Dataset records
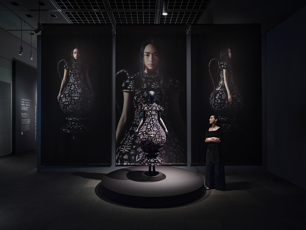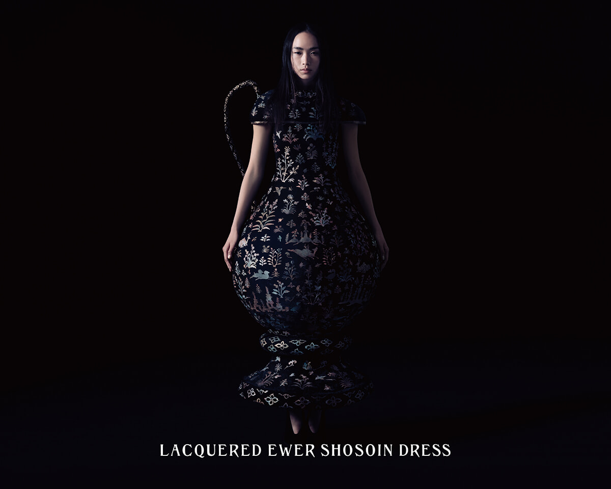 この正倉院宝物を、纏うアートピースの象徴としてファッションへと昇華させました。作品名は「LACQUERED EWER SHOSOIN DRESS」。職人技術の粋を集めた古代の水瓶は、時を超えた美意識とおおらかな大陸の流れを感じさせその歴史に魂が震えました。守り残された記憶をなぞり現代へと甦らせるこの手仕事は、過去の職人との創作を通じた会話のようであり、制作者として至福の瞬間でありました。
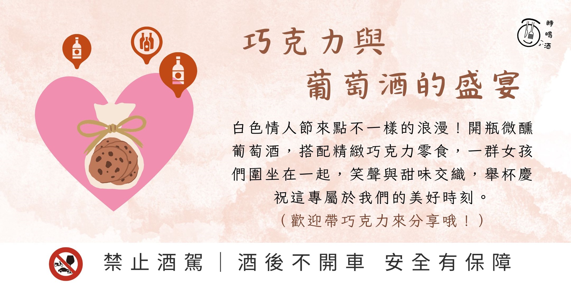 精選葡萄酒搭配巧克力甜點,讓白色情人節這天
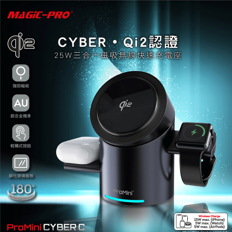 自營 香港倉 ProMini CYBER C 25W Qi2認證 磁吸3合1無線快速充電座(連火牛)
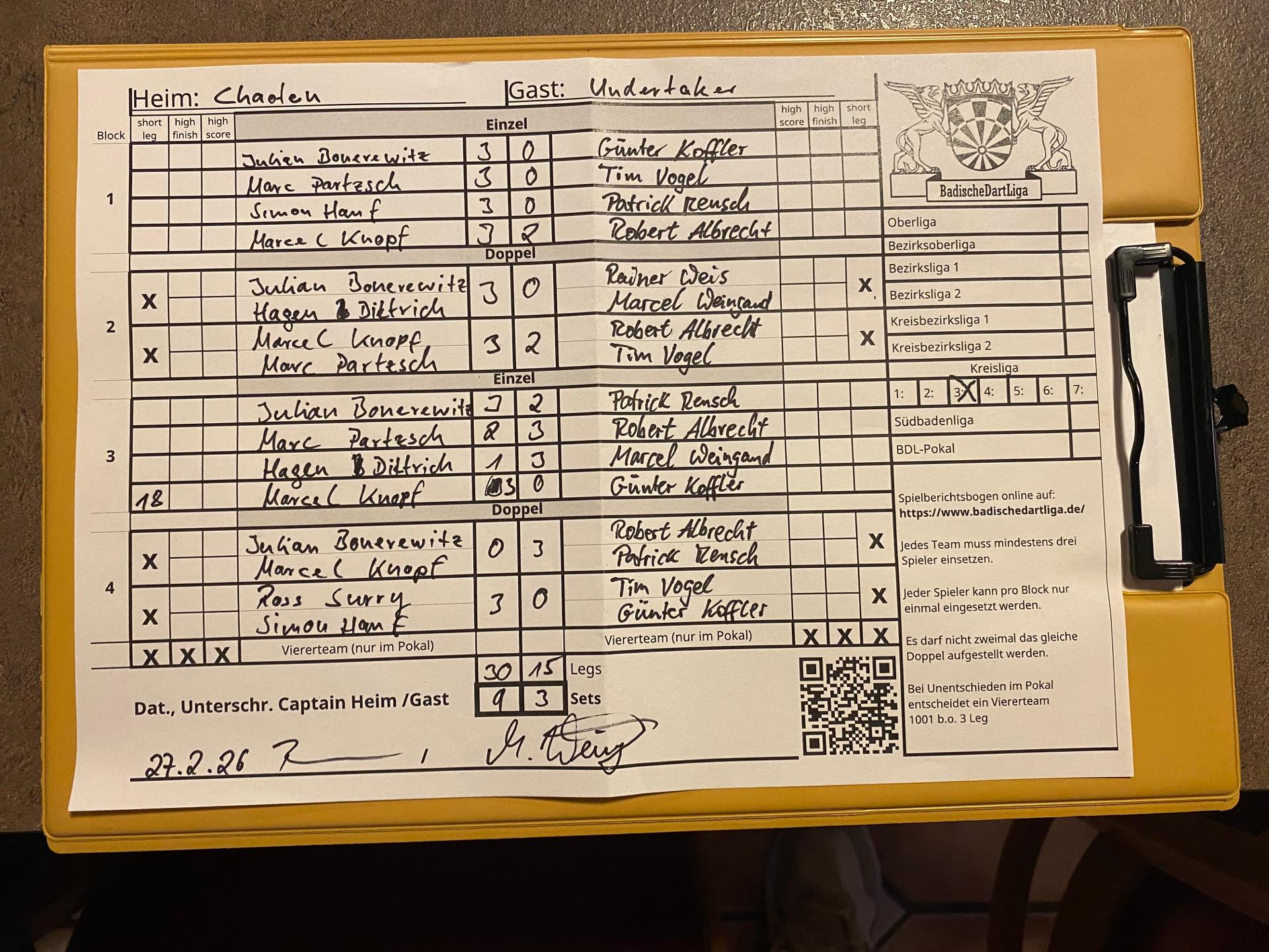 | Ergebnis: | 30 : 15 | - Legs | ||||||
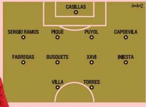 MADRID (Spagna) – C’è grande attesa per vedere i Campioni d’Europa all’opera nel Mondiale che partirà fra meno di un mese e mezzo in Sudafrica. Stiamo parlando della Spagna che è anche una squadra piena di campioni che giocano quasi tutti i grandissimi club come Barcellona, Real Madrid ma anche in giro per l’Europa come Liverpool e Arsenal. Ecco la probabile formazioni titolare delle ‘Furie Rosse’ presa dalla Gazzetta dello Sport.
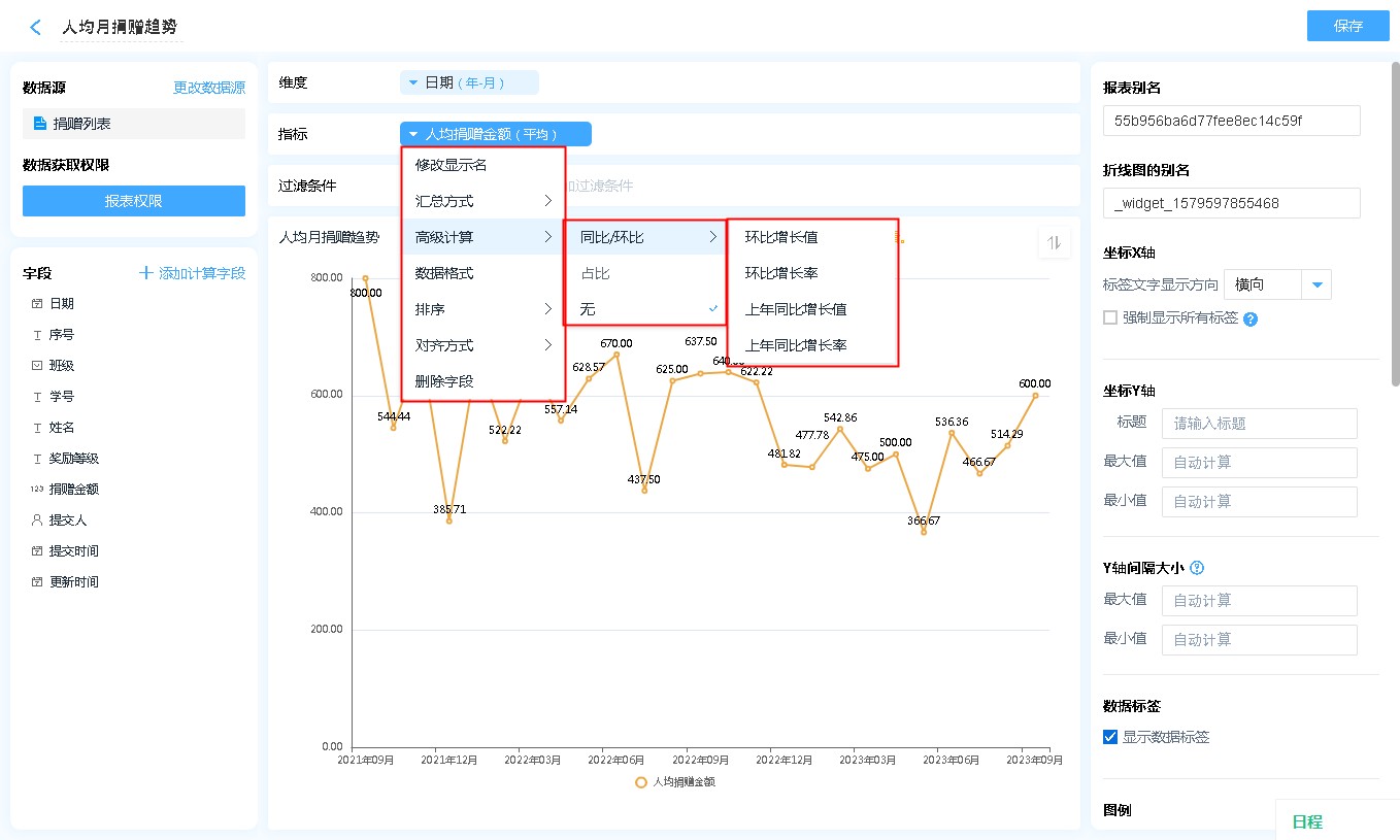 • 高级计算:高级计算可进行同环比、占比的计算,详见同环比和占比。
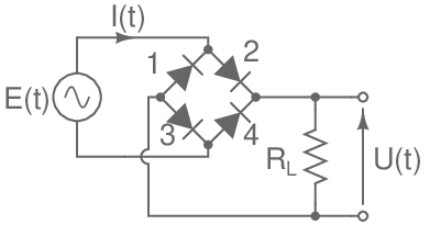 Lorsque la tension E(t) est positive, la diode(1) se bloque; le courant I(t) circule à travers la diode(2), la diode(4) se bloque à son tour, et ce courant passe dans la résistance RL, puis sort par la diode(3).

→ **WHAT TO WORK ON**: Output a precise copy of the entries, leaving the images out.

→ **RESULT OF THE TASK**:
 この正倉院宝物を、纏うアートピースの象徴としてファッションへと昇華させました。作品名は「LACQUERED EWER SHOSOIN DRESS」。職人技術の粋を集めた古代の水瓶は、時を超えた美意識とおおらかな大陸の流れを感じさせその歴史に魂が震えました。守り残された記憶をなぞり現代へと甦らせるこの手仕事は、過去の職人との創作を通じた会話のようであり、制作者として至福の瞬間でありました。
 精選葡萄酒搭配巧克力甜點,讓白色情人節這天
 自營 香港倉 ProMini CYBER C 25W Qi2認證 磁吸3合1無線快速充電座(連火牛)
 | Ergebnis: | 30 : 15 | - Legs | ||||||
 MADRID (Spagna) – C’è grande attesa per vedere i Campioni d’Europa all’opera nel Mondiale che partirà fra meno di un mese e mezzo in Sudafrica. Stiamo parlando della Spagna che è anche una squadra piena di campioni che giocano quasi tutti i grandissimi club come Barcellona, Real Madrid ma anche in giro per l’Europa come Liverpool e Arsenal. Ecco la probabile formazioni titolare delle ‘Furie Rosse’ presa dalla Gazzetta dello Sport.
 • 高级计算:高级计算可进行同环比、占比的计算,详见同环比和占比。
 Lorsque la tension E(t) est positive, la diode(1) se bloque; le courant I(t) circule à travers la diode(2), la diode(4) se bloque à son tour, et ce courant passe dans la résistance RL, puis sort par la diode(3).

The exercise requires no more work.